I feel you could easily sub ‘Hollywood’ for ‘universe’ and the quote would hit especially hard for creatives. But here we are, coming to terms with that indifference, giving it the finger, and making meaning of our own through our chosen work.
Here are a five things that have been inspiring me while I tackle a few projects lately. Two are brand new, two I’ve returned to multiple times, and one is a failsafe for when I’ve got no juice in the tank.
NEW:
1. Pretty much every shot in Bugonia… But especially the exteriors.
There are a few examples in this trailer…
But that 3:2 aspect ratio hits. Especially for the story they’re telling. Jesse Plemons is out here accusing Emma Stone of being an alien, and when they’re out under the open sky, it looms above them. It soars. The actors aren’t just present in the space, they’re dwarfed by it. I always found myself looking up. For me, it’s a perfect visual reinforcement of the central conflict.

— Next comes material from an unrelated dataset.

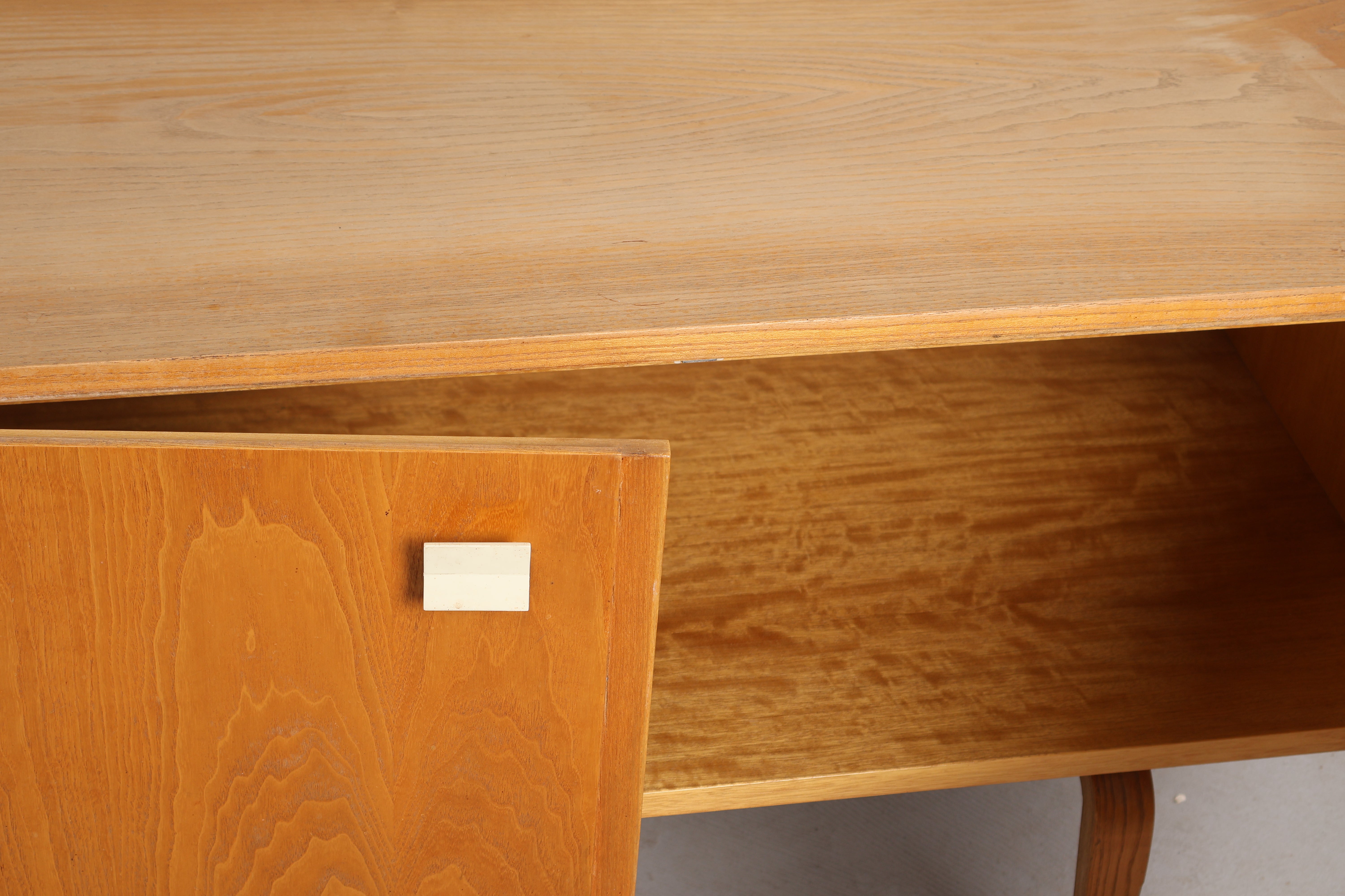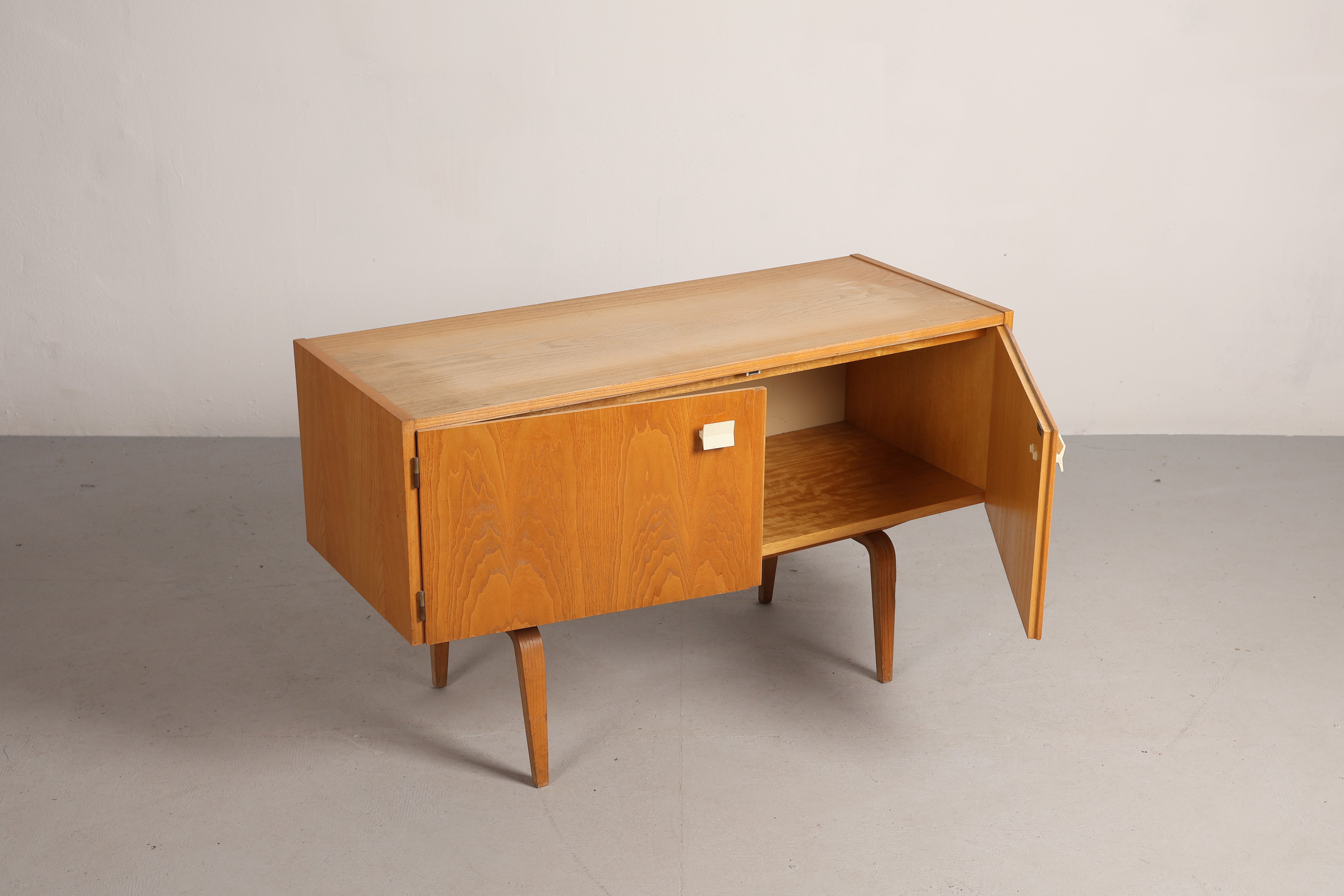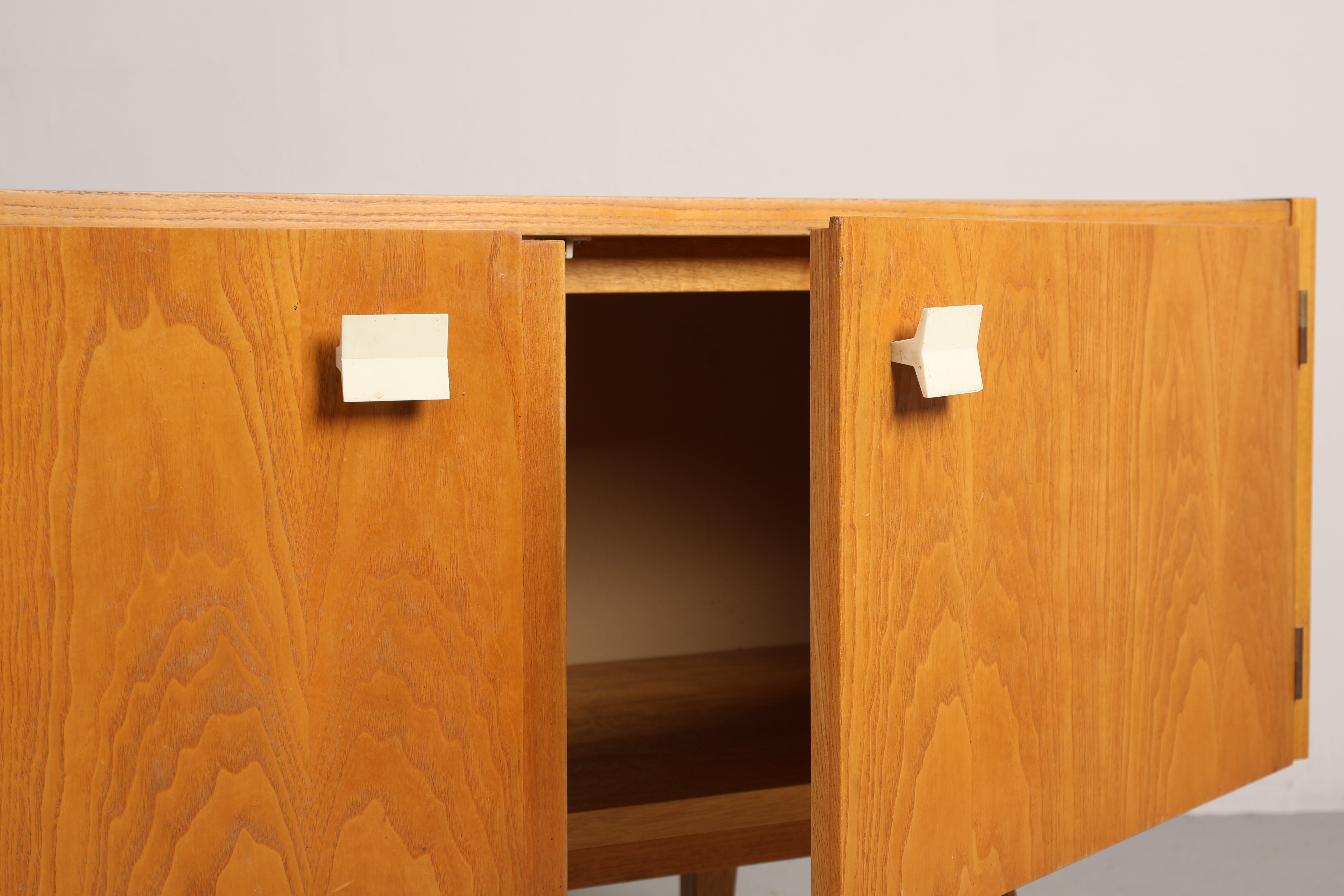 Sideboard aus den 60er-Jahren von Franz Ehrlich für Hellerau. Hergestellt in Deutschland. Gefertigt aus Eiche. Höhe 65 cm, Breite 110 cm, Tiefe 45 cm.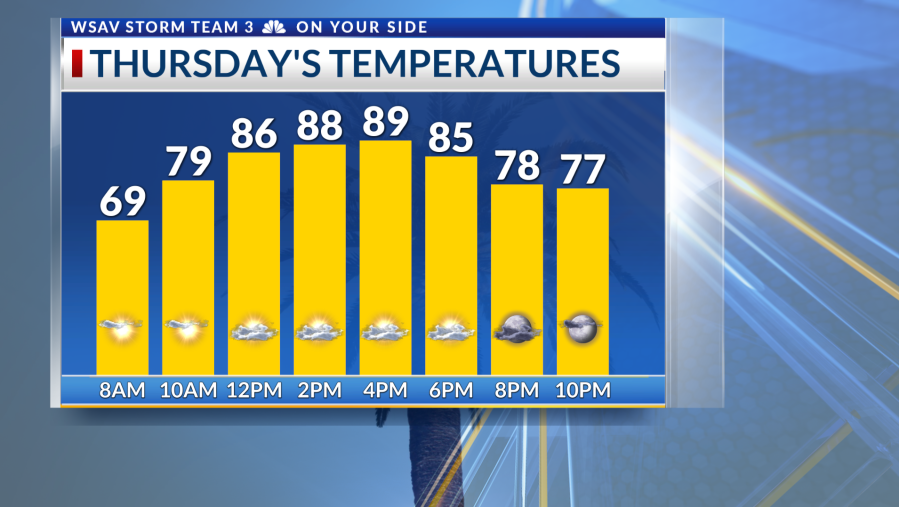 On Thursday morning, temperatures are expected to begin in the mid-60s inland and around 70 near the coast. The skies will start off partly cloudy and clear up more overnight.

Seeing this knocked something loose in my brain, and I will 100% be utilizing techniques like this as I move from writing to directing.
2. Theodora Taylor’s Universal Fantasies aka Butter.
I listen to a lot of podcasts while I’m cooking and cleaning, and stumbled across Theodora while tackling a particularly harrowing closet clean-out.
She’s a romance author who was frustrated not by her failures but by her successes, worried that she wouldn’t be able to replicate what made a book hit because she didn’t know why it hit. In an effort to understand, she unearthed a concept she’s coined Universal Fantasy - the reasons why we love the stories we love. Not tropes, mind you, but what makes those tropes delicious.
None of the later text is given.